Ich staune ja über das sehr unterschiedliche Arbeitstempo erfolgreicher Schriftsteller. Da ist zum Beispiel Uwe Tellkamp, dieses One-Hit-Wonder der deutschen Literatur in den Nullerjahren. Der braucht zehn und mehr Jahre, um einen einzigen Roman zu veröffentlichen. Andere, wie etwa T. C. Boyle, hauen über Dekaden hinweg regelmäßig alle zwei Jahre einen Roman raus. Diese werden alle trotz ihrer relativ kurzen Entstehungszeit keinewegs und niemals als Trivialliteratur abgekanzelt. Und zwischendurch veröffentlichen sie auch noch Bände mit Kurzgeschichten, in sich geschlossenen Erzählungen, die alle nur ein paar Seiten lang sind und vermutlich eine Art von Abfallprodukten aus literarischen Ansätzen für nicht romantaugliche Texte darstellen.
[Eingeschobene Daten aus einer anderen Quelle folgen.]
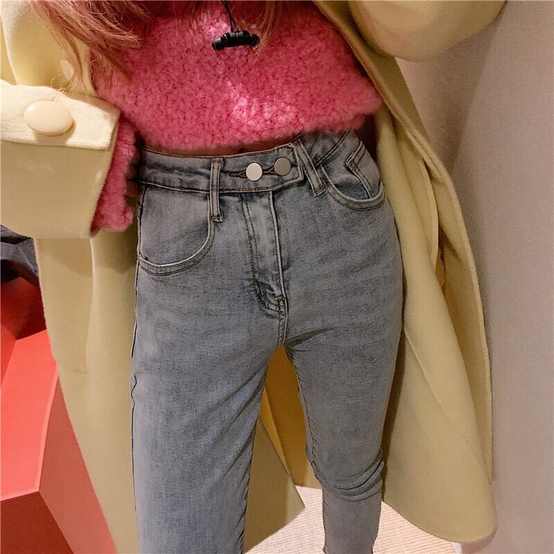 ジーンズ スプリングダブルバックルレギンス 薄手パンツ ハイウェスト 春物 Xiaofeijia70684241620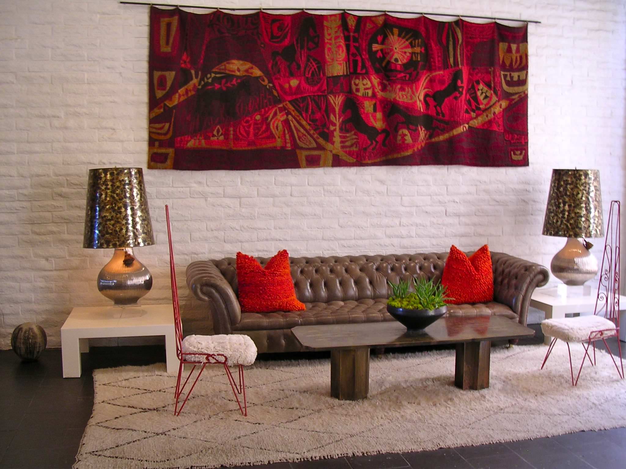 This Moroccan rug emphasizes the long, low nature of the sofa in the Parker Palm Springs hotel.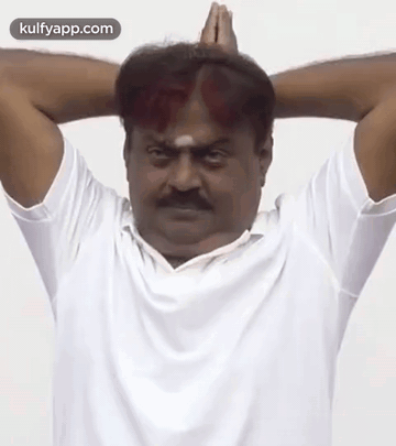 Vijayakanth makes a funny blinking face with hands behind his head, wearing a white shirt.
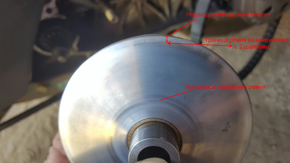 ..Принцип работы вариатора такой, что на переднем вариаторе ремень должен быть как можно выше.Поэтому нужно играться шайбами и грузиками тоже.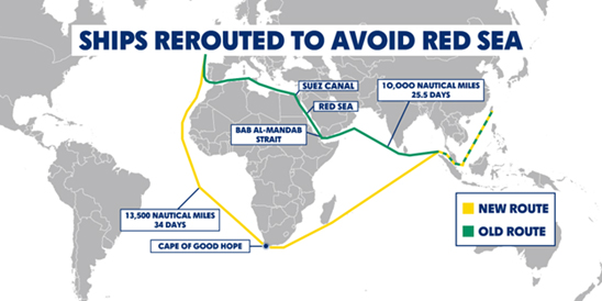 - Delivery delays: Rerouting vessels from the Red Sea around the Cape of Good Hope has added two weeks to shipping schedules.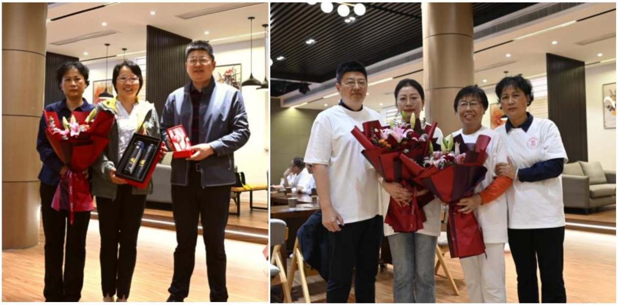 座谈会上老师和员工们畅所欲言,拉家常、谈往事、话发展,为毕业后在各自工作岗位上取得的成绩感到骄傲,还向学弟学妹们分享了他们在学习与职业生涯中的宝贵经验,进一步激发了学弟学妹们对未来的憧憬与追求。同时,员工们与公司老师们互换了纪念礼物,并给几位老师献上了鲜花。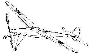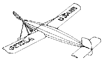 THIRD FLIGHT: Allman ...became a little tense. The moment of drama I mentioned earlier was now approaching... Allman told me... "I am putting on absolute maximum turns, the rubber can break!" As I held the model, and Allman piled on the turns, I became aware that ... the whole world was watching us ... we were at the take off board ... and Allman placed "Grasshopper" on the board ... and than picked it up and moved the wing forward! He than placed the model back on the board and looked at the starters. I could not believe what I was seeing! "DON'T LET GO", I called to Allman ... he paused, picked the model up ... and turned to me . ..not saying a word. "YOU MOVED THE WING FORWARD" I said. "BUT THE MODEL WAS STALLING" ..."you should have moved it (the wing) back." Allman ... slid it back again ... then he replaced the "Grasshopper" on the board, looked at the timekeepers, and she was off! ..."Grasshopper"... set to fly in very large circles of about 250 to 300 yards diameter ...cruised up to 70 feet and recorded 164 seconds. The Cup was ours!"
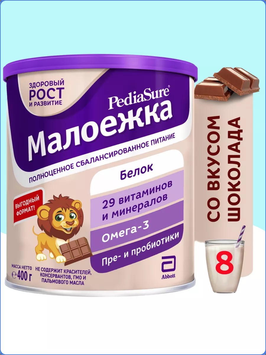 PediaSure Maloezhka chocolate-flavored is a delicious nutritious drink that complements an unbalanced diet with nutrients to ensure your child receives everything they need for healthy growth, development, and a strong immune system. Suitable for children aged 1 to 10 years, this drink is suitable for daily use. One 400g can contains 8 servings.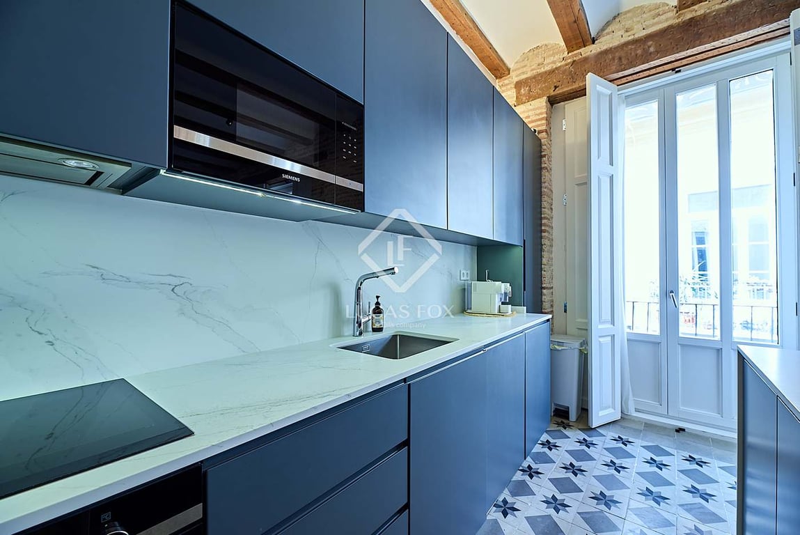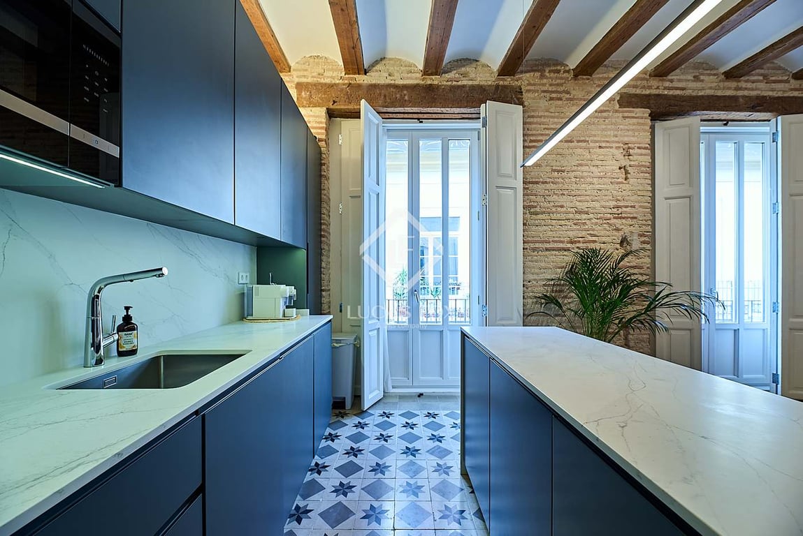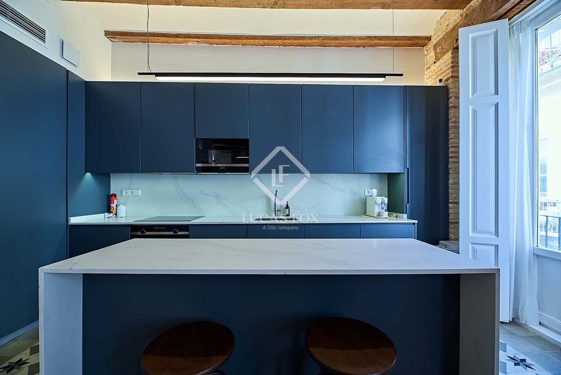Lucas Fox presents this unique apartment for sale near Valencia's Central Market. It is located on a quiet street very close to the old town centre , where La Lonja de Valencia, the Central Market, and Town Hall Square are located. Located in a beautiful building constructed in 2021, the house occupies the entire floor below the floor . The building features high ceilings and a stately entrance hall. With no neighbors, it's a very quiet and private property . The property currently has two b...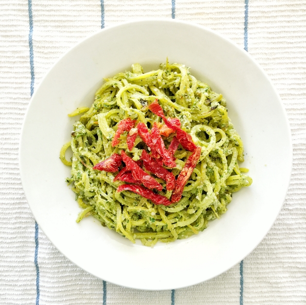 Spiralized Golden Beets with Parsley Walnut Pesto and Sun-dried Tomatoes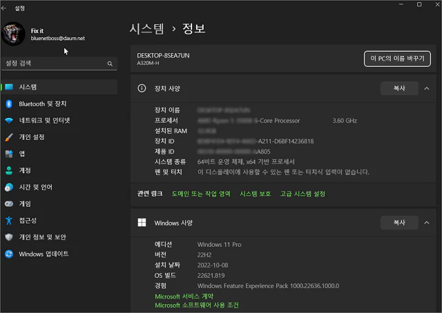 하지만 윈도우 업데이트 이후 현재는 윈도우 11은 물론 윈도우 10 역시 모두 바탕화면의 내 PC 우클릭 후 속성을 선택하면 윈도우 설정의 시스템 정보 부분이 열리게 됩니다. 이 부분은 정말 그냥 눈으로 정보만 보는 것으로 사용자 입장에서 뭔가를 설정하고 변경할 수 있는 옵션이 거의 없습니다. 이전의 시스템 속성 창과는 완전히 다른 창이라고 봐도 무방합니다.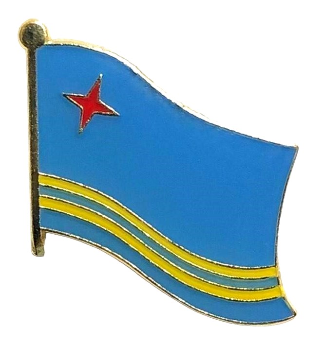 Aruba flag pin measures approximately 1 inch; x 3/4 inch; or 24 mm x 16 mm and has an all metal lacquered design with clutch pin.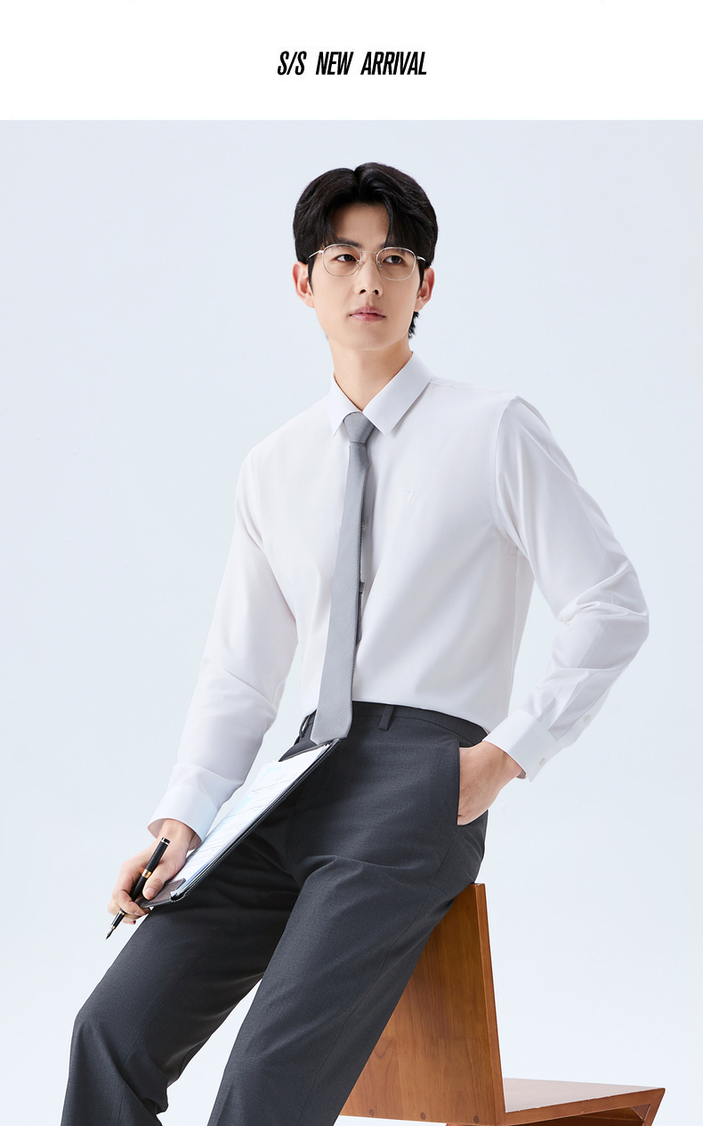 【含莱赛尔】柒牌男式商务长袖衬衫26春季新款柔软舒适衫百搭衬衣 130A70670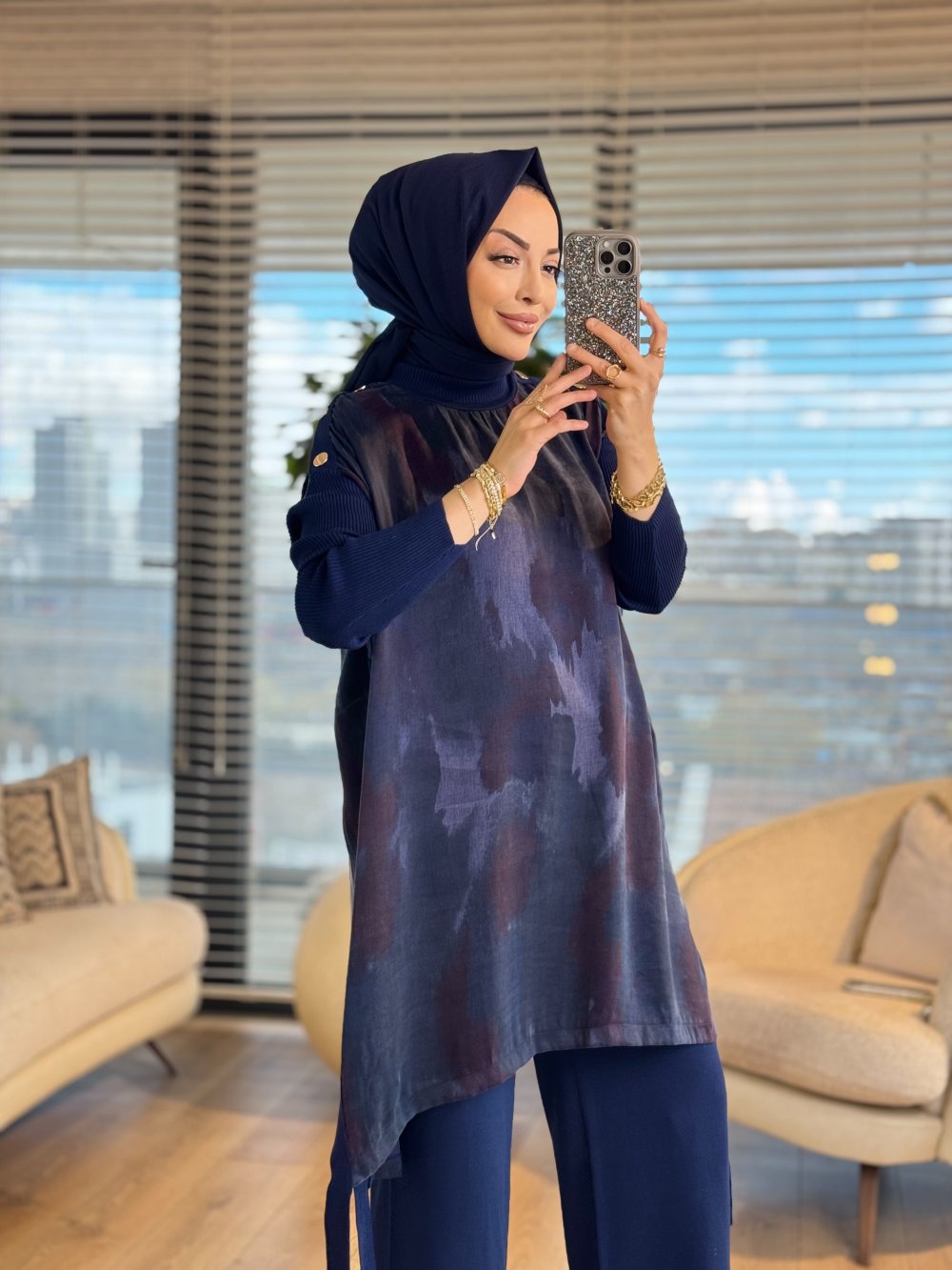 283 Kupra Omuz Ve Yanları Düğmeli Triko Tunik Lacivert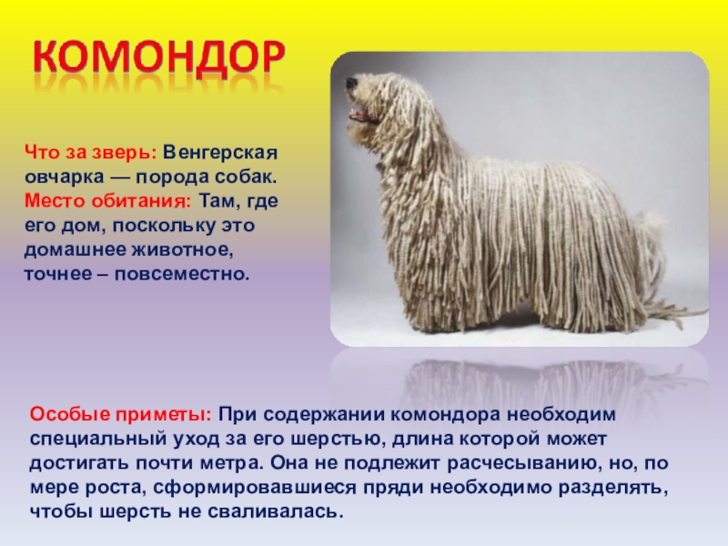Слайд 9Особые приметы: При содержании комондора необходим специальный уход за его шерстью,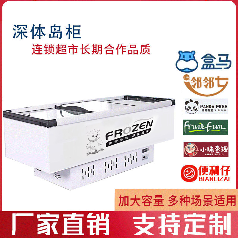 横型冷凍庫ガラス展示棚野菜肉類海鮮冷凍島棚アイスクリーム棚二開きフラット島棚

Und dennoch veröffentlicht und erfolgreich vermarktet werden.
Der erste solcher boyleschen Erzählbände, den ich zu Lesen bekam, war Fleischeslust aus dem Jahr 1999. Das Bändchen mit schlanken 290 Textseiten wurde 1994 im englischen Original mit dem Titel Without a Hero zwischen den Romanen Willkommen in Wellville und América (dem dritten und vierten Roman des Schriftstellers) veröffentlicht.
Es handelt sich um eine Sammlung von 15 Kurzgeschichten, die sich mit grotesken Auswüchsen westlicher Gesellschaften befassen, insbesondere der US-amerikanischen. Ein gruseliges Kompendium zum Zustand der glorreichen Vereinigten Staaten von Amerika.